Please show me where I said that?


Posted using Outdoor Hub Campfire


----------



## jehler (Jul 18, 2011)

rico1391 said:


> Please show me where I said that?
> 
> 
> Posted using Outdoor Hub Campfire


Hmm, derp, guess I'm confusing your posts with homers, sorry.


----------



## tonyhomer (Aug 15, 2011)

jehler said:


> Hmm, derp, guess I'm confusing your posts with homers, sorry.


Your gonna have to show me where I said it as well because once again you are mistaking.

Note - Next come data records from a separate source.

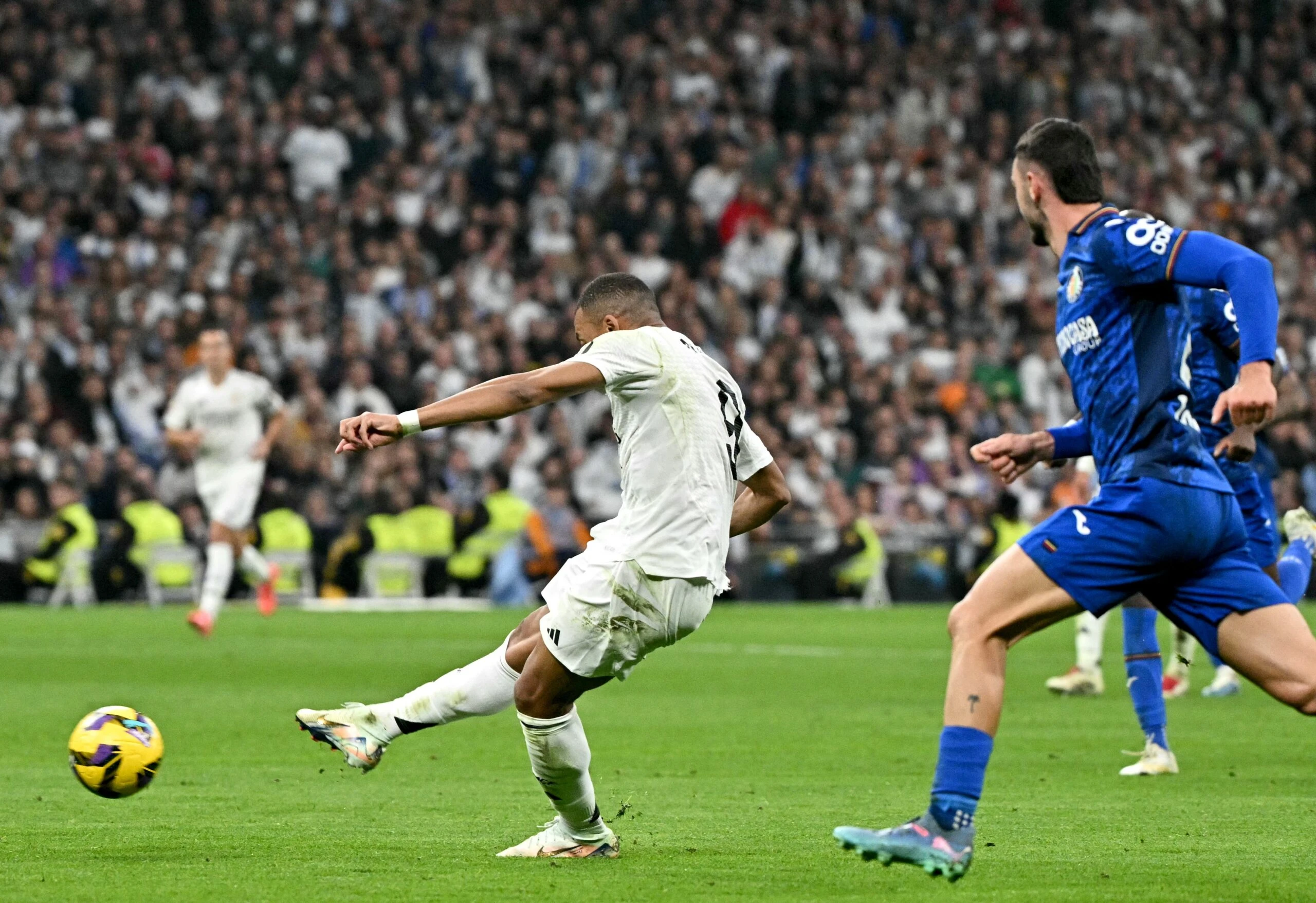 Kondisi ini dimanfaatkan dengan baik oleh tim tamu. Madrid yang terus menekan akhirnya memecah kebuntuan lewat aksi individual Kylian Mbappé. Mendapatkan umpan terobosan dari Federico Valverde, Mbappé menusuk ke kotak penalti dan melepaskan tembakan mendatar yang tak mampu dibendung kiper David Soria.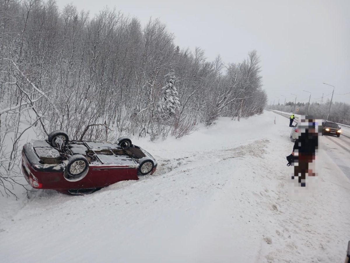 В Мурманской области на 6 км автоподъезда к аэропорту Мурманск произошло ДТП. Автомобиль Volkswagen Jetta съехал в кювет и перевернулся на крышу.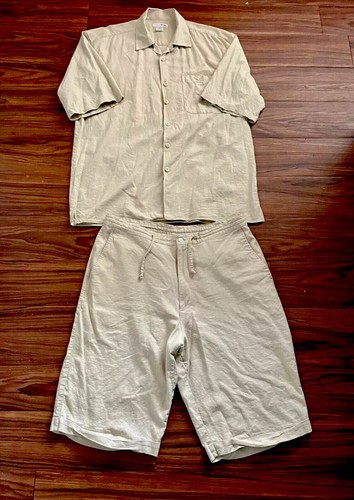 Trust Usa Mens 2 Piece Linen Shorts Outfit Button Front Khaki Beige 2xl 40 42 Ebay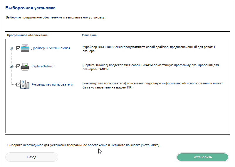 У приложения есть набор плагинов, позволяющих выводить сканы на электронную почту, на принтер, на FTP, в Microsoft SharePoint и другие приложения. От любого из этих плагинов и даже от самого приложения CaptureOneTouch можно отказаться, если на начальном этапе инсталляции ПО применить выборочную установку.

Your not doing so well in this one. Maybe you should start over and read real SLOWLY what everyone has posted since post one so you can figure out who you want to degrade and basically say is full of crap and be sure you got the right person.


----------



## smoke (Jun 3, 2006)

tonyhomer said:


> Your gonna have to show me where I said it as well because once again you are mistaking.
> 
> 
> Your not doing so well in this one. Maybe you should start over and read real SLOWLY what everyone has posted since post one so you can figure out who you want to degrade and basically say is full of crap and be sure you got the right person.

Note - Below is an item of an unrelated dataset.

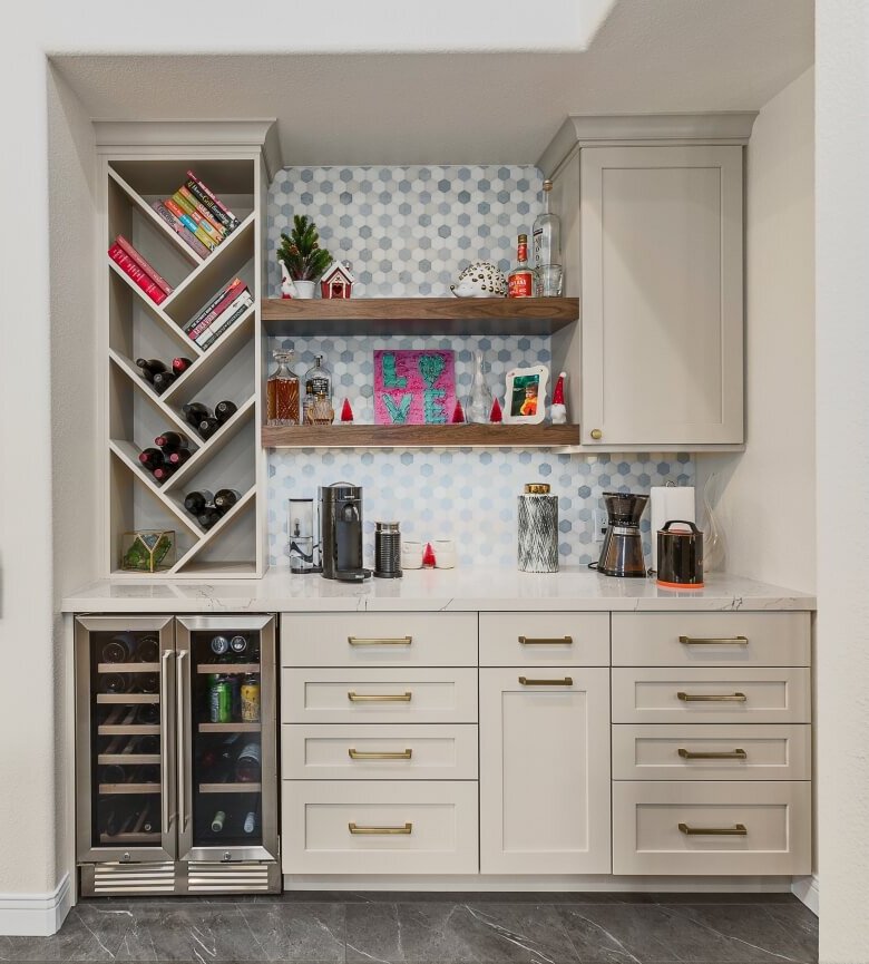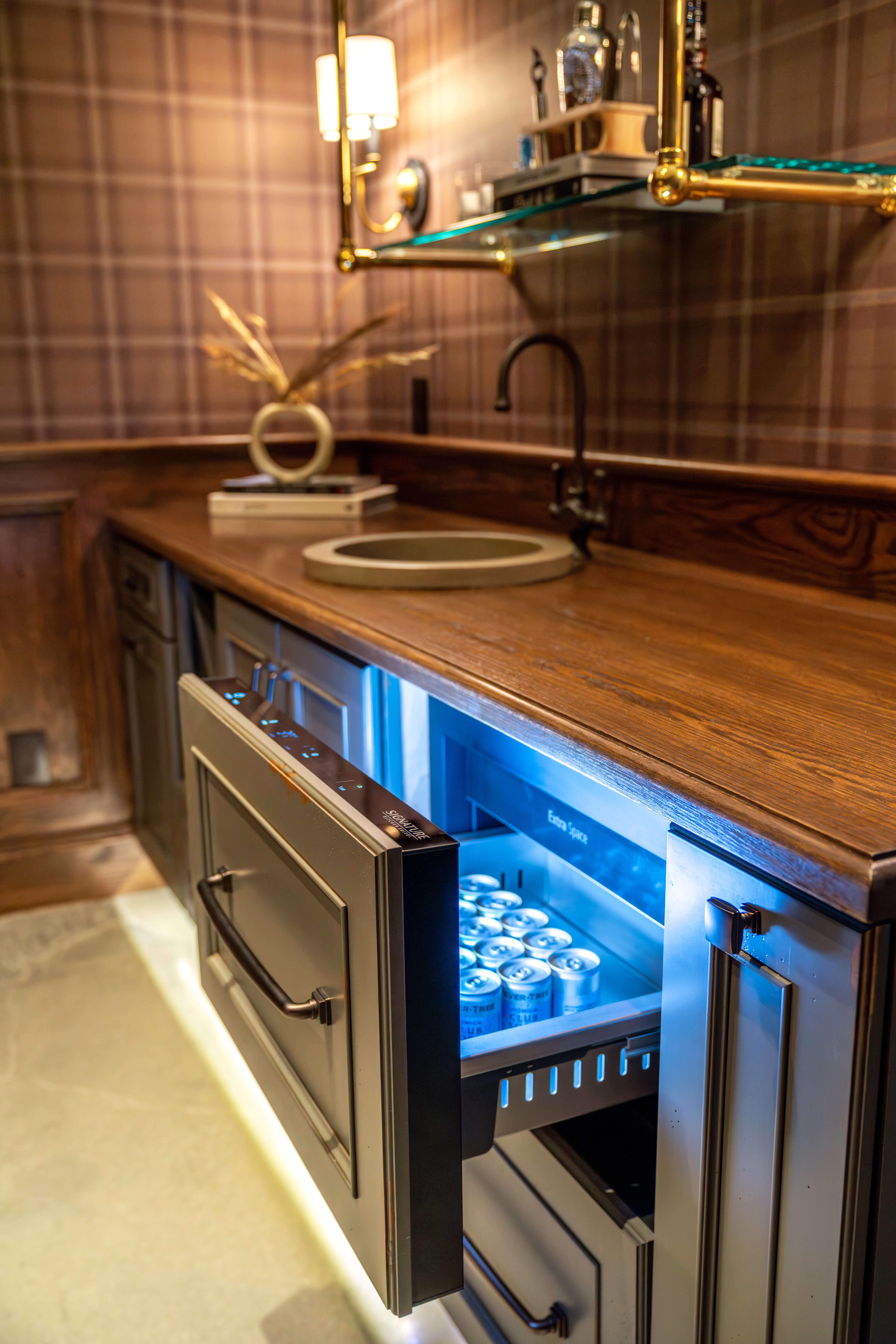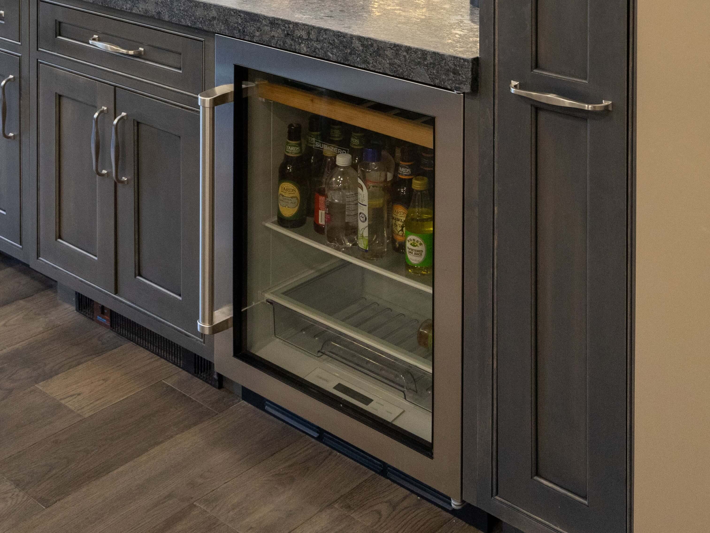 A beverage refrigerator is a must for most wet bar or beverage center designs.

Really tony? Man you need to give it a rest or go take your meds bro. Your never gonna get all the boats done for the point with all this negativity and arguing. I will stick to my previous post ie: massive alcohol consumption or bipolar disorder. I believe you are probably a person that goes back through the thread and reads your own posts, don't you?! 
E
Lol go sniff some resin you'll be just fine. One good thing that came out of this thread gone crazy is you got Steve from duck water to join and sponsor! just can't win can you? You'd have been time and money ahead had you just shut you blow hole and surfed on through. Some people learn quickly, some the hard way. Others will never learn, regardless of how many times fail. The definition of stupidity is, doing the same thing over and over and expecting different results" this has your name all over it Mr. Homer.


----------



## jehler (Jul 18, 2011)

tonyhomer said:


> You boat does not raise out of the water due to air or foam inside your pods. :lol:. It raises due to actual displacement of the pods or the size of them that is in contact with the water.


This is where you said it. Displacement of the pods is only displacement because there is air inside them. 

This does not surprise me


----------



## jehler (Jul 18, 2011)

What's ironic is I was planning on buying a ufo until I got a text from a buddy with a link to Tony's posts here. What a tool, I'm back to the drawing board now, anybody know if lake bonneville is going to have boats at Pointe Mouillee?


----------



## smoke (Jun 3, 2006)

jehler said:


> What's ironic is I was planning on buying a ufo until I got a text from a buddy with a link to Tony's posts here. What a tool, I'm back to the drawing board now, anybody know if lake bonneville is going to have boats at Pointe Mouillee?


I rest my case. I've seen this same pattern several times with Mr. Homer. You would think he'd learn. Same attitude = same outcome history repeats its self yet again.


----------